Madem öyle, ben de uzuuun uzun yoga yaparım şimdi diye düşünüyorum. Sabah dersine yetişme telaşı olmadan pranayamalı, meditasyonlu, sutra okumalı filan bir sabah seansı.

Kalktım, perdeyi çektim. Amanın! O ne güzellik öyle! Gökyüzü sütliman, hafif sisin arkasından bakan güneş cilve cilve…

Ve derken…

Bir de bakmışım, arkasına bisikletimi taktığım arabamla bomboş caddelerden, bedava köprüden geçerek karşı taraf sahil yolunun kenarına park etmişim bile. Ne kahve, ne kahvaltı, ne de yoga!

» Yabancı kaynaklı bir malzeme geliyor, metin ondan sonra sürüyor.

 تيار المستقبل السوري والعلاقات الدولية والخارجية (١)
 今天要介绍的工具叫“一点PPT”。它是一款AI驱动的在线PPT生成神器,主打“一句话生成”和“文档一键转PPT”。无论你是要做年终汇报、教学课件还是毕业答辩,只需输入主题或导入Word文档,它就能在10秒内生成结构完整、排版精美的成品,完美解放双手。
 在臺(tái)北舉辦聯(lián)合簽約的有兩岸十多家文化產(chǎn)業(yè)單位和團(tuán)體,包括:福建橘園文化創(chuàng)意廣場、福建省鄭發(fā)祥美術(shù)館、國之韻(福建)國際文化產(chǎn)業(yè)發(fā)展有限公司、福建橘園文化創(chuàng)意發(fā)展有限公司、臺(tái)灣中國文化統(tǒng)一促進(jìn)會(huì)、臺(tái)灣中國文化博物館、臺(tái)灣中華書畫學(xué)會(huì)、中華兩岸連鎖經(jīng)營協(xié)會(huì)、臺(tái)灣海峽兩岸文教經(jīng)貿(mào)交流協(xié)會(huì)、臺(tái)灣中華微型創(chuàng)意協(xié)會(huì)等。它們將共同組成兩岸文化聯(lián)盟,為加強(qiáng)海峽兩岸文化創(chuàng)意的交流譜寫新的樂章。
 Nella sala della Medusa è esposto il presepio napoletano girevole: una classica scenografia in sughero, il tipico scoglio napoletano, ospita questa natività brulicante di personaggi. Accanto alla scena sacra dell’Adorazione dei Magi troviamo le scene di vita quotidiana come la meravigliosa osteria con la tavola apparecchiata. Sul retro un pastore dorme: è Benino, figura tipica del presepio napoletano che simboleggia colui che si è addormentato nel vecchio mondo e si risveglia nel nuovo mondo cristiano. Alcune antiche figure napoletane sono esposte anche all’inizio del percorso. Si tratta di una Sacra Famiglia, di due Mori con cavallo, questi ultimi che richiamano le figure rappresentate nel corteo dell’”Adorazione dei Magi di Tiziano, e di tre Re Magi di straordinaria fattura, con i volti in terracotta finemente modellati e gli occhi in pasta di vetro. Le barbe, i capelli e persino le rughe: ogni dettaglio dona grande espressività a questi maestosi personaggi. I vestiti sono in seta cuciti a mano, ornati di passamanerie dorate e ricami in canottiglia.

Kadıköy-Bostancı arası sahil yolunda yürüyen, koşan tek tük insanlar gibi; martılar, kediler, köpekler, hatta kargalar bile, denizde kıpırdayan ışıklardan mı, bayram sevincinden mi neden bilmem, benim kadar keyifliler. Tanıdık tanımadık herkes yanından geçene iyi bayramlar diliyor. Pedala kuvvet sahil yolunu yutan bana da diyecekler bir ihtimal ama iPod engeli var aramızda.

Benim ipod’umun ruh halimi sezme sensörü filan var herhalde, karışık çal bir şeyler dediğim zaman havama uygun bir şeyler muhakkak çıkarıyor. Bir iki değil, arka arkaya on parça çaldı, hepsi içimdeki titreşimlere denk. Araya da ünlü yoga hocası Richard Freeman’ın konuşmalarından öyle bir ikisini serpiştirdi ki, son zamanlarda aklıma takılan yaşamsal soruların yogasal yanıtlarının hepsi yerini buldu. Benim ipod hakikaten zeki bir alet.

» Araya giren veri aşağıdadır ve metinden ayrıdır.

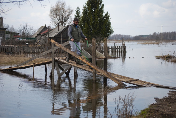 На соседней улице 80-летний Евгений Гагаев активно спасает своих курочек, оказавшихся под угрозой затопления: «Сидел, смотрел телевизор, не заметил, как река подошла. В окно глянул, а куры уже в воде ходят. Пришлось их в свинарник перенести, он у меня повыше». Но в целом подтопило не сильно: Николай Некрасов даже баню собирался топить, хотя обычно постройку заливает водой.
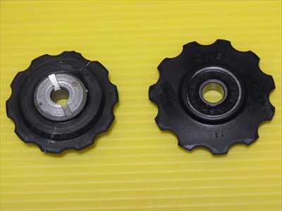 途中でテンション側と同様に変速プーリーが割れました。自走可能だったのでそのままリアは変速しないように家まで戻ってきて、早速補修をしました。もともと両方とも10Tだったので11Tが入るか心配でしたが大丈夫そうです。これでプーリーの不安要素が消えました。
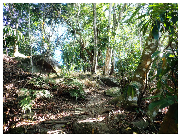 10:44 危險陡坡,岩石山徑,亦須留心。不久可見前方稜線上種植檳榔樹,即為淑女峰。
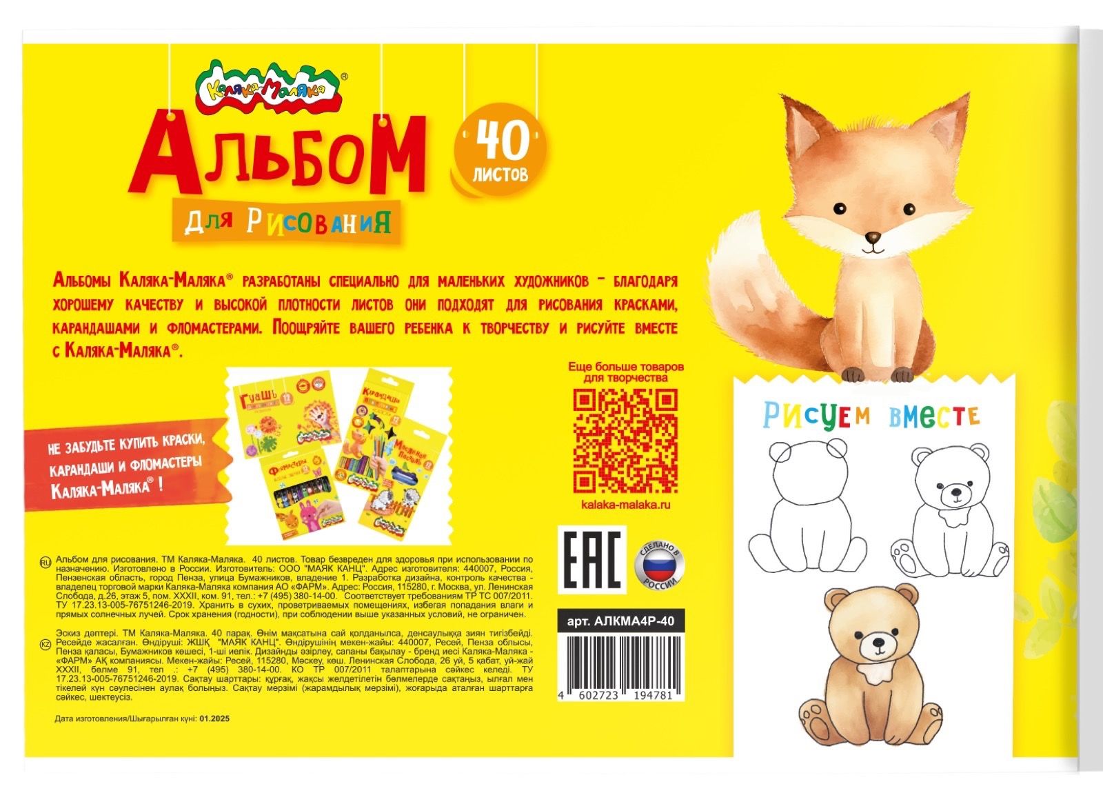 Формат: А4 Количество листов: 40 Тип крепления: склейка Материал обложки: мелованный картон Вид продукции для творчества: Альбом для рисования Вид бумаги внутреннего блока: офсет Мин. партия и варианты упаковок: 1 / 20 Альбом для рисования 40 л. А4, склейка Каляка-Маляка мелованный картон, ВД-лак, офсетная бумага

Bostancı’ya vardığımda bir de baktım, Büyükada’ya kalkan bir motor rölantiye almış, beni bekliyor. Bisikleti tekneye attım (bayramda bedavaymış), bir akbil basıp kendimde yerleştim. Bir tur da adanın etrafında atalım diye düşündüm, kahvaltıyı da orada ederiz artık.

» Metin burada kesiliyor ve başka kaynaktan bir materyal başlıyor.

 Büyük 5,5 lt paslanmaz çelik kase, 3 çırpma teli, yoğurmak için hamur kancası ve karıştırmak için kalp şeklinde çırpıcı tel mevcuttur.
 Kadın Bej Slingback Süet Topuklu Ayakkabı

Adalılar beni kendilerinden saymasalar da, ben oldum olası Büyükada’ya ait hissetmişimdir kendimi. Üç aylıkmışım, beni adadaki dede evine getirdiklerinde. Kalmışım orada. Çocukluğum anne-baba-tek çocuktan oluşan çekirdek aileyi barındıran apartman dairemizden veya okulda geçen kış günlerinden ziyade nene, dede, anne, teyze, kuzenim Esin ile koca evimizde yaşadığımız yazlardan ibaret sanki. Adadan ben on yaşındayken ayrıldık. Bahçemizin bir kısmı sokağa dahil edildi diye aile ada evine küstü. Yıllarca adaya uğramadık. Uzun, sıcak İstanbul yazları da çocukluğumun sonunu işaretledi.

Adanın Yalova’ya bakan tarafında, büyük tur yolu üzerinde Viranbağ Çay Bahçesi vardır. Bisiklete binmeyi öğrendiğim yaz annem götürüp göstermişti. Saat henüz erken. Bayram kalabalığı daha başlamamış. Arka taraf ise hepten bomboş. Çay bahçesini işleten amca, kedileri, bir de ben çıt çıkarmadan çamların ardından denize bakıyoruz. Arkamızdan, tek tük geçen at arabalarının asfalta çarpan nal sesleri geliyor. Bir de havanın limonata kıvamından sarhoşlamış bir karabatağın suya dalıp çıkarkenki şıpırtısı… Özeniyorum ona. Sonra aklıma geliyor: Benim de bisikletim var. Özendiğim çünkü, karabatağın özgürlüğü. Benimki de bisikletimde saklı. Pedalları çevirirken hareket, bağımsızlık, bedenimle buluşmak gibi türlü hisler yalayıp geçiyor beni. Hava, su, toprak, ateş hepsi bisiklete binme etkinliğinde vücuda geliyor. Gidonu ne zaman kavrasam boşluğa karışıyorum. Annemin beni Büyük Tur Yolu’na getirdiği o ilk yaz da bisikletime atlayıp kendi başıma gelirdim buralara. Özgürlük bağımlılık yapıyor.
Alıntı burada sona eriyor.